**EXERCISE PROMPT**
Your copy should repeat each record below exactly and contain no images.

**Stored data entries**
==========

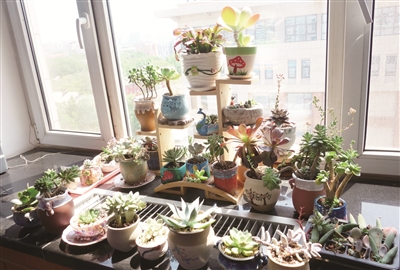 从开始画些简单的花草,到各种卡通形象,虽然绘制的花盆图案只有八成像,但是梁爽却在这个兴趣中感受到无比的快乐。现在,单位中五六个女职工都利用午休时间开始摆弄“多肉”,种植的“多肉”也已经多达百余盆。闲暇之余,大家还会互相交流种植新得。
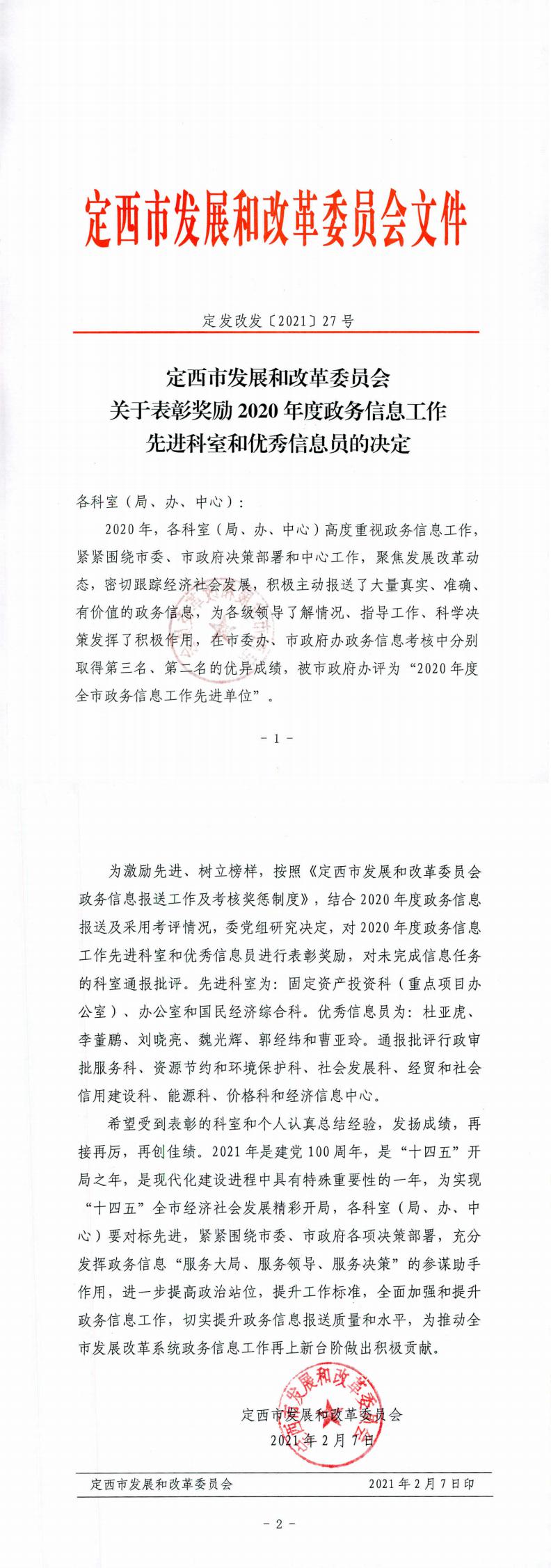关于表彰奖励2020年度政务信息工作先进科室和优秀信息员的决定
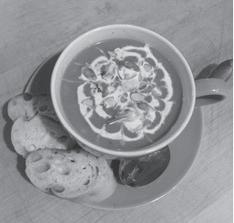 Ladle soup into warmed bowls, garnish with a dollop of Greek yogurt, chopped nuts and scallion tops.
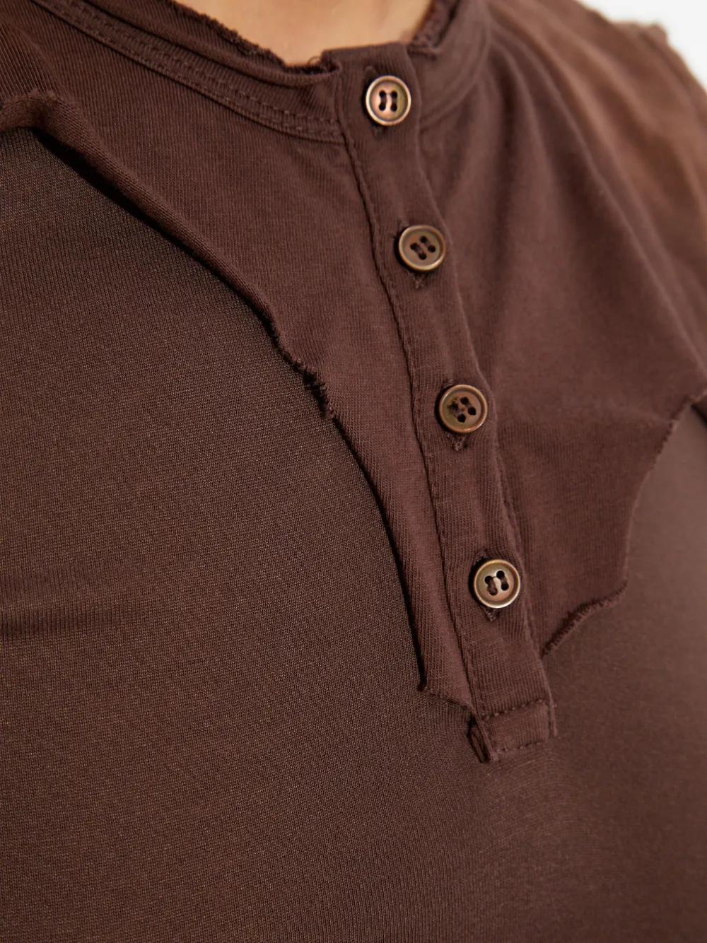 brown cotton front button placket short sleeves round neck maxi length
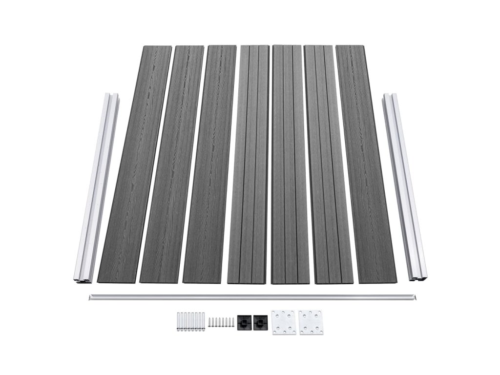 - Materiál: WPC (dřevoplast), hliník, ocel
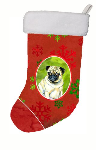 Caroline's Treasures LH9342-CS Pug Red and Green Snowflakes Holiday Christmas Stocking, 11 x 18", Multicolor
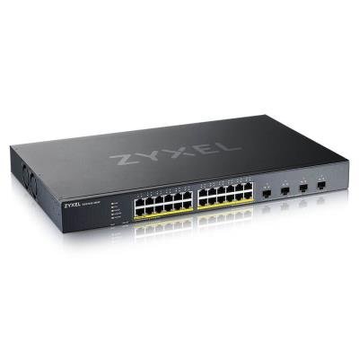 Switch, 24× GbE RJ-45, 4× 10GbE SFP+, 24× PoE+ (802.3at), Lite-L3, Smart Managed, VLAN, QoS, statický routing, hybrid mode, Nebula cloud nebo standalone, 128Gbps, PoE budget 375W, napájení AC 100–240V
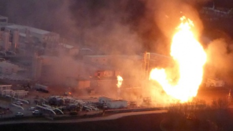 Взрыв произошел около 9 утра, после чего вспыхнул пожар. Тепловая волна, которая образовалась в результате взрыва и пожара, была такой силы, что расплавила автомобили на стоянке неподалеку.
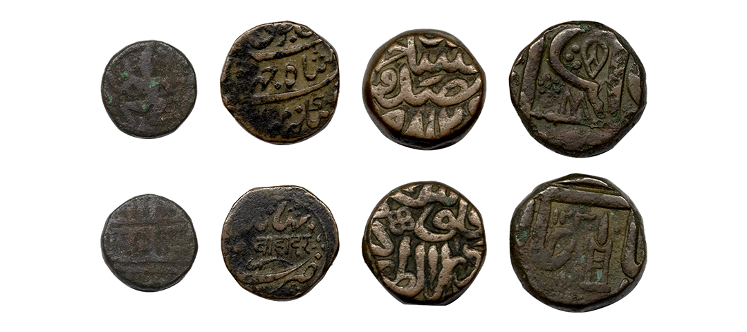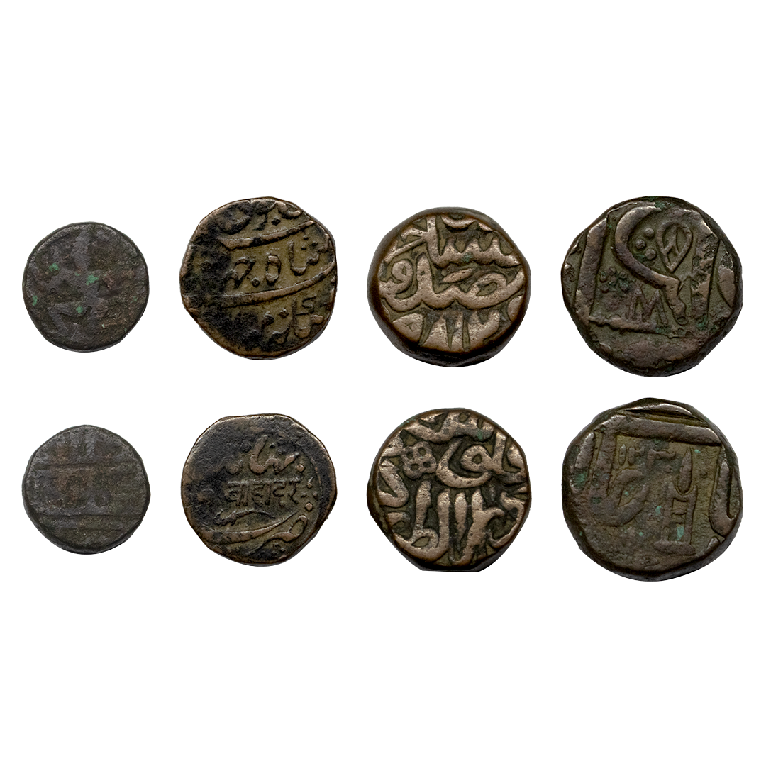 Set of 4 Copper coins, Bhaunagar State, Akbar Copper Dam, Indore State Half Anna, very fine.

==========

**WORKED SOLUTION**
 从开始画些简单的花草,到各种卡通形象,虽然绘制的花盆图案只有八成像,但是梁爽却在这个兴趣中感受到无比的快乐。现在,单位中五六个女职工都利用午休时间开始摆弄“多肉”,种植的“多肉”也已经多达百余盆。闲暇之余,大家还会互相交流种植新得。
关于表彰奖励2020年度政务信息工作先进科室和优秀信息员的决定
 Ladle soup into warmed bowls, garnish with a dollop of Greek yogurt, chopped nuts and scallion tops.
 brown cotton front button placket short sleeves round neck maxi length
 - Materiál: WPC (dřevoplast), hliník, ocel
 Caroline's Treasures LH9342-CS Pug Red and Green Snowflakes Holiday Christmas Stocking, 11 x 18", Multicolor
 Switch, 24× GbE RJ-45, 4× 10GbE SFP+, 24× PoE+ (802.3at), Lite-L3, Smart Managed, VLAN, QoS, statický routing, hybrid mode, Nebula cloud nebo standalone, 128Gbps, PoE budget 375W, napájení AC 100–240V
 Взрыв произошел около 9 утра, после чего вспыхнул пожар. Тепловая волна, которая образовалась в результате взрыва и пожара, была такой силы, что расплавила автомобили на стоянке неподалеку.
 Set of 4 Copper coins, Bhaunagar State, Akbar Copper Dam, Indore State Half Anna, very fine.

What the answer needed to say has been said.